§ **Exercise**: Where the records below show a line containing "Modelled ash concentration", start copying; end with the line containing "Questa felpa è", and copy it too.

§ **Data to use**:
>>>>>
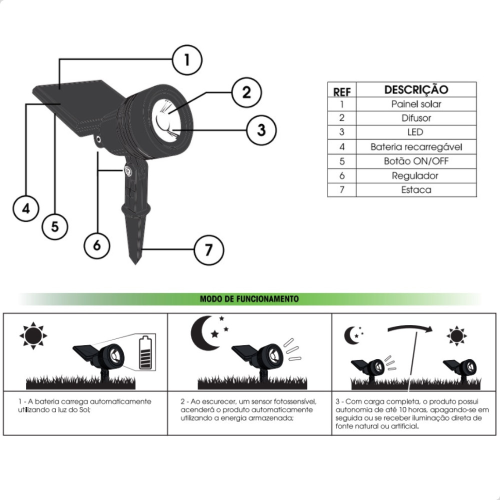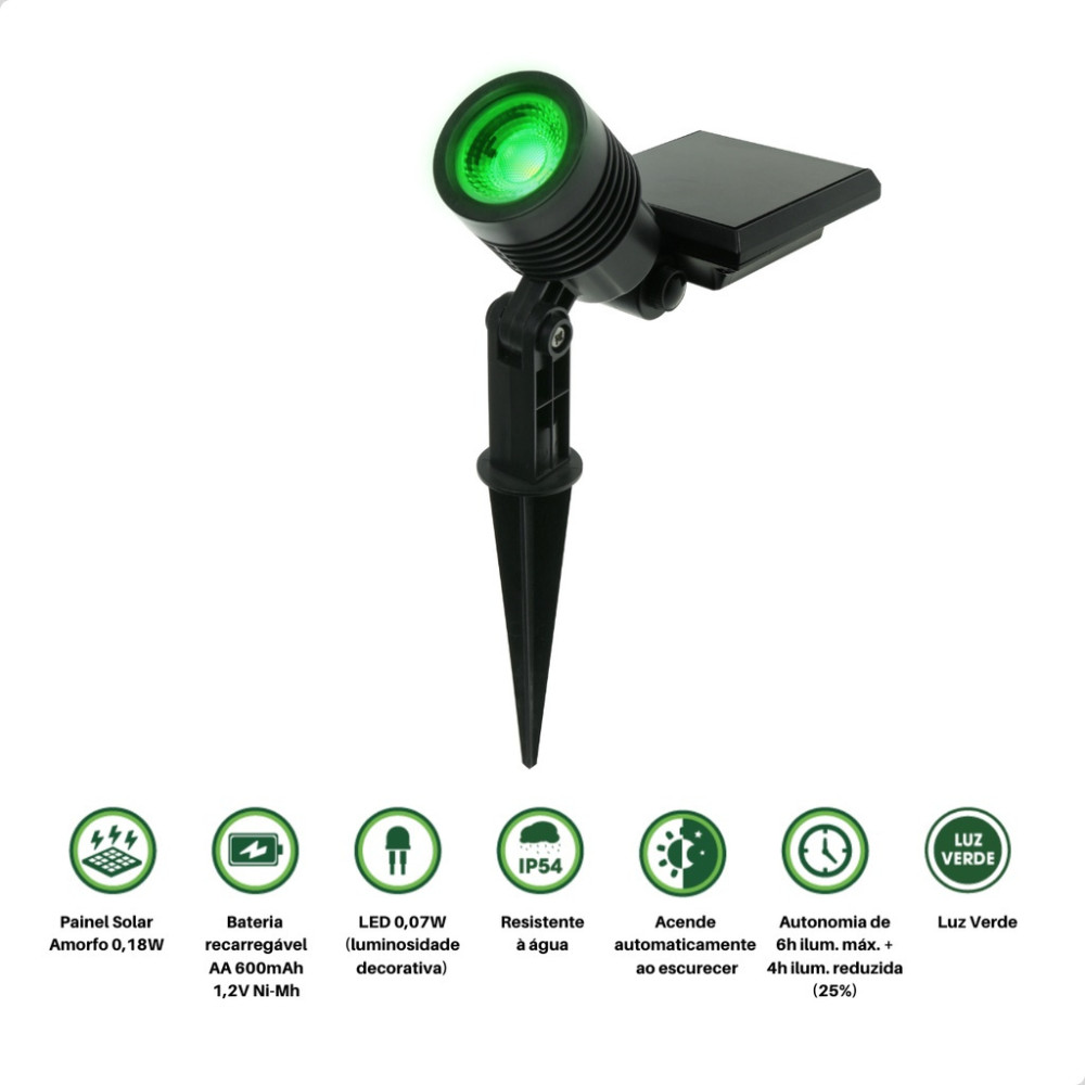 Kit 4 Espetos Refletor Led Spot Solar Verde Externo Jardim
<<<<<
>>>>>
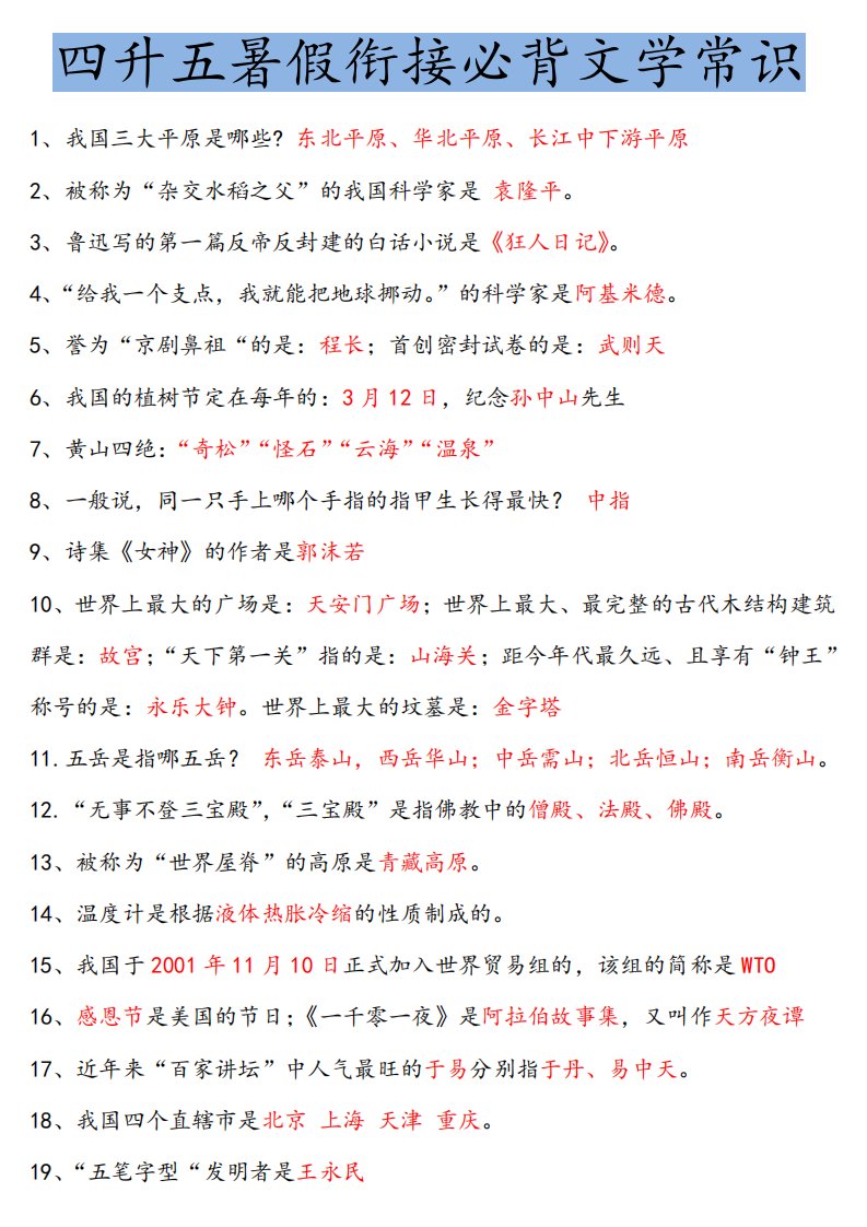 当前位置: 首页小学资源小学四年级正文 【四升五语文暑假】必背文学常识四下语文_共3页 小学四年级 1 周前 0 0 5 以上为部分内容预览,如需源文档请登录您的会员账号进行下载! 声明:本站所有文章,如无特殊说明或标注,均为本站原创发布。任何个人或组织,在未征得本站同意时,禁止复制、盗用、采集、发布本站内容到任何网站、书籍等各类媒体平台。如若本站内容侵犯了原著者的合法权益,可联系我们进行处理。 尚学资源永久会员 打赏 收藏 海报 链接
<<<<<
>>>>>
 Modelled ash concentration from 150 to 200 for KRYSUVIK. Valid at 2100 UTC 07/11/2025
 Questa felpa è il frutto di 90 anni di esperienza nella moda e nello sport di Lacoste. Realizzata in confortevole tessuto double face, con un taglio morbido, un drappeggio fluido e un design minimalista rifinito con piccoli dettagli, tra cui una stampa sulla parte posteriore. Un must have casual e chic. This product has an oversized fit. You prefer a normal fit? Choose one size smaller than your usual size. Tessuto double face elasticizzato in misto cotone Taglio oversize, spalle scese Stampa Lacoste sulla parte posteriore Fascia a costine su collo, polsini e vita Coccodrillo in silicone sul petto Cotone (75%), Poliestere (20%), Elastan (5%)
<<<<<
§ **Problem solution**:
 Modelled ash concentration from 150 to 200 for KRYSUVIK. Valid at 2100 UTC 07/11/2025
 Questa felpa è il frutto di 90 anni di esperienza nella moda e nello sport di Lacoste. Realizzata in confortevole tessuto double face, con un taglio morbido, un drappeggio fluido e un design minimalista rifinito con piccoli dettagli, tra cui una stampa sulla parte posteriore. Un must have casual e chic. This product has an oversized fit. You prefer a normal fit? Choose one size smaller than your usual size. Tessuto double face elasticizzato in misto cotone Taglio oversize, spalle scese Stampa Lacoste sulla parte posteriore Fascia a costine su collo, polsini e vita Coccodrillo in silicone sul petto Cotone (75%), Poliestere (20%), Elastan (5%)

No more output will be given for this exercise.